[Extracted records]
+--

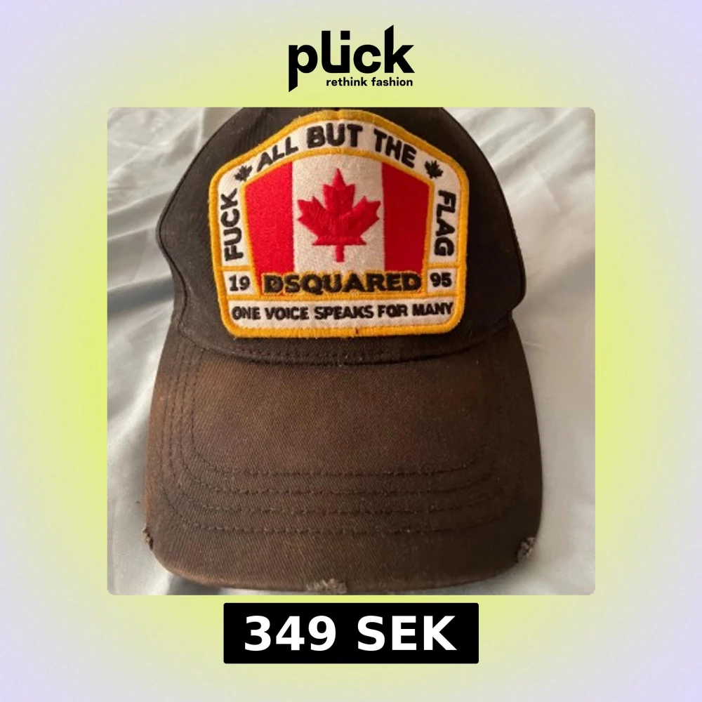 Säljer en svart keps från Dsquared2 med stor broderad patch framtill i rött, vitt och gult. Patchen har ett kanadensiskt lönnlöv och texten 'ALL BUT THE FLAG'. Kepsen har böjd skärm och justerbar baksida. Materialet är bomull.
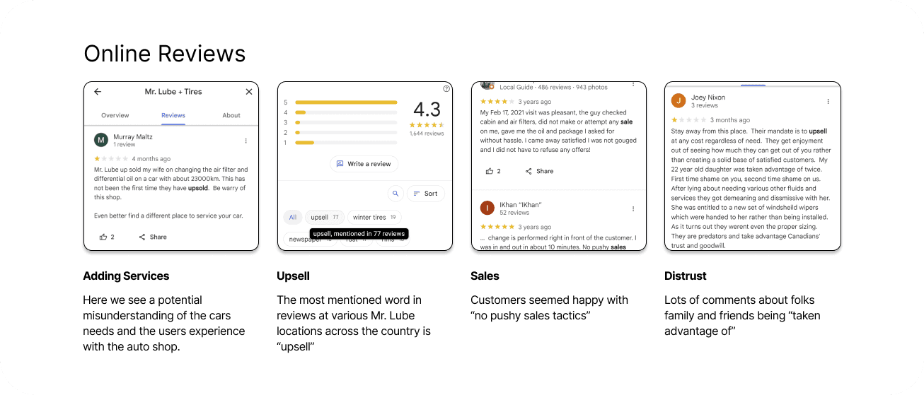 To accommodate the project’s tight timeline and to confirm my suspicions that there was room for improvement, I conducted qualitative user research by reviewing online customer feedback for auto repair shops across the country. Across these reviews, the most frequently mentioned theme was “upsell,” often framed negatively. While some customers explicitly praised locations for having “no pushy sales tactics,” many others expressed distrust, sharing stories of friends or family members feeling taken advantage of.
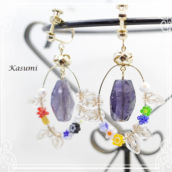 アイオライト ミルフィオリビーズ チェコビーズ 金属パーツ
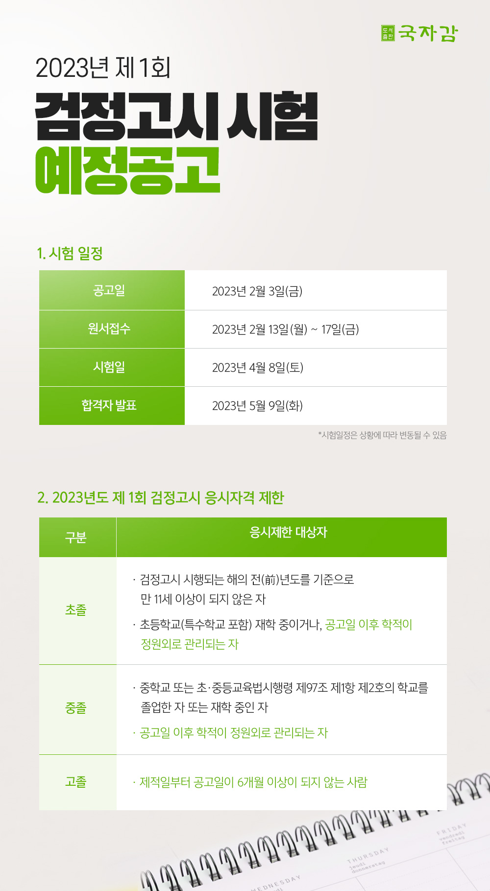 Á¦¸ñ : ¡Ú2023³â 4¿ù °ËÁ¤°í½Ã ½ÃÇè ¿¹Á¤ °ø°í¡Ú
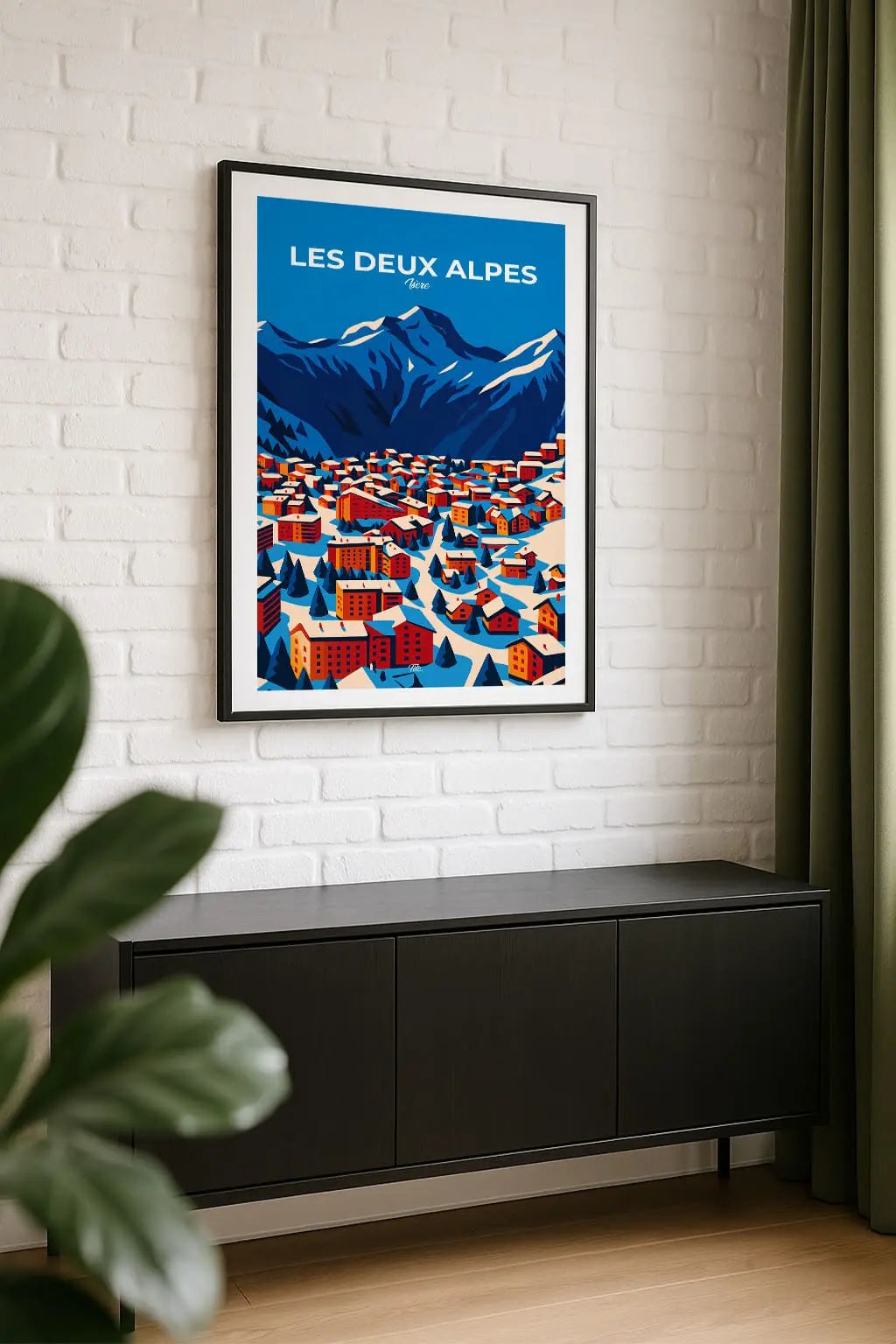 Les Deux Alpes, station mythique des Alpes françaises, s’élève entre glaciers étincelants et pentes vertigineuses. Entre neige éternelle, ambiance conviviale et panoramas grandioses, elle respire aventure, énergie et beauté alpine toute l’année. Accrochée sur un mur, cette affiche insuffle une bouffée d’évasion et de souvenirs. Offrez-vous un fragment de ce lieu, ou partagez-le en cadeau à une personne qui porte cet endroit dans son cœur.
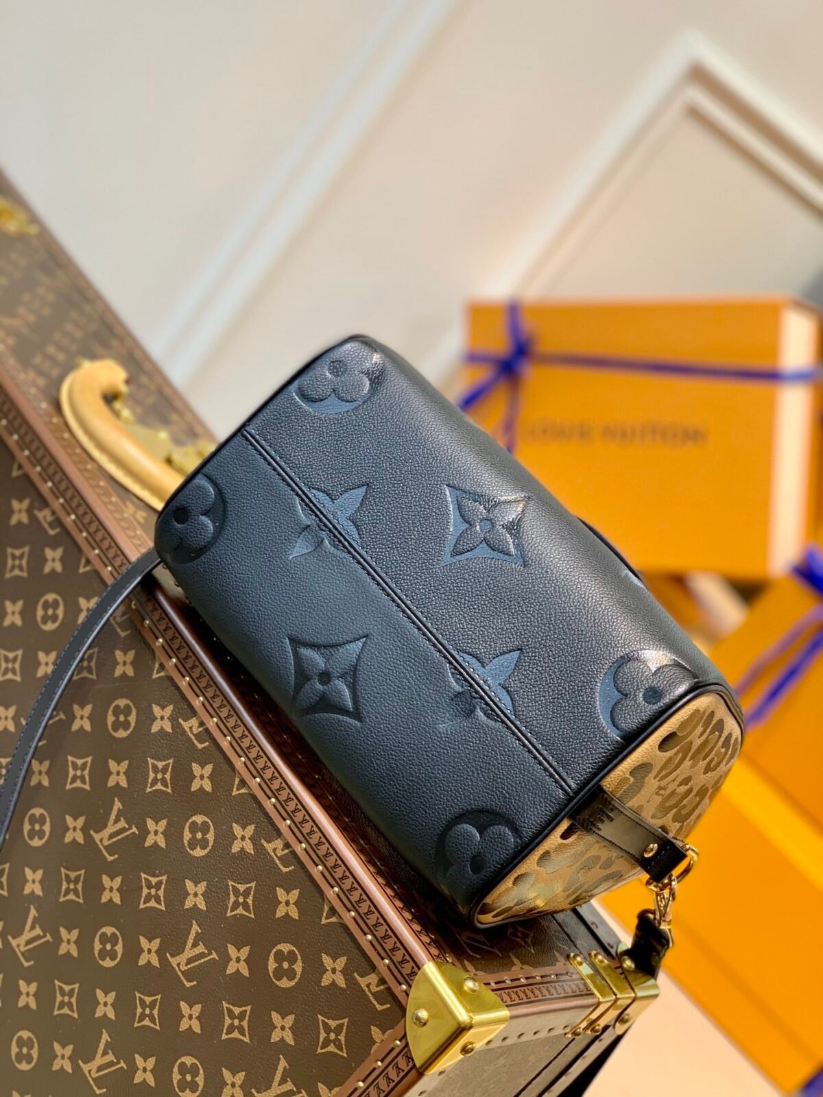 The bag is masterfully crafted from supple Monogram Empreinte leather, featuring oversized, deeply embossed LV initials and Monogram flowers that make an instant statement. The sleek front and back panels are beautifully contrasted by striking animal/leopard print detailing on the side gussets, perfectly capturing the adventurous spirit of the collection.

+--

- Work to be completed: Retype all the records shown above, character for character. Omit every picture.

- Written response:
 Säljer en svart keps från Dsquared2 med stor broderad patch framtill i rött, vitt och gult. Patchen har ett kanadensiskt lönnlöv och texten 'ALL BUT THE FLAG'. Kepsen har böjd skärm och justerbar baksida. Materialet är bomull.
 To accommodate the project’s tight timeline and to confirm my suspicions that there was room for improvement, I conducted qualitative user research by reviewing online customer feedback for auto repair shops across the country. Across these reviews, the most frequently mentioned theme was “upsell,” often framed negatively. While some customers explicitly praised locations for having “no pushy sales tactics,” many others expressed distrust, sharing stories of friends or family members feeling taken advantage of.
 アイオライト ミルフィオリビーズ チェコビーズ 金属パーツ
 Á¦¸ñ : ¡Ú2023³â 4¿ù °ËÁ¤°í½Ã ½ÃÇè ¿¹Á¤ °ø°í¡Ú
 Les Deux Alpes, station mythique des Alpes françaises, s’élève entre glaciers étincelants et pentes vertigineuses. Entre neige éternelle, ambiance conviviale et panoramas grandioses, elle respire aventure, énergie et beauté alpine toute l’année. Accrochée sur un mur, cette affiche insuffle une bouffée d’évasion et de souvenirs. Offrez-vous un fragment de ce lieu, ou partagez-le en cadeau à une personne qui porte cet endroit dans son cœur.
 The bag is masterfully crafted from supple Monogram Empreinte leather, featuring oversized, deeply embossed LV initials and Monogram flowers that make an instant statement. The sleek front and back panels are beautifully contrasted by striking animal/leopard print detailing on the side gussets, perfectly capturing the adventurous spirit of the collection.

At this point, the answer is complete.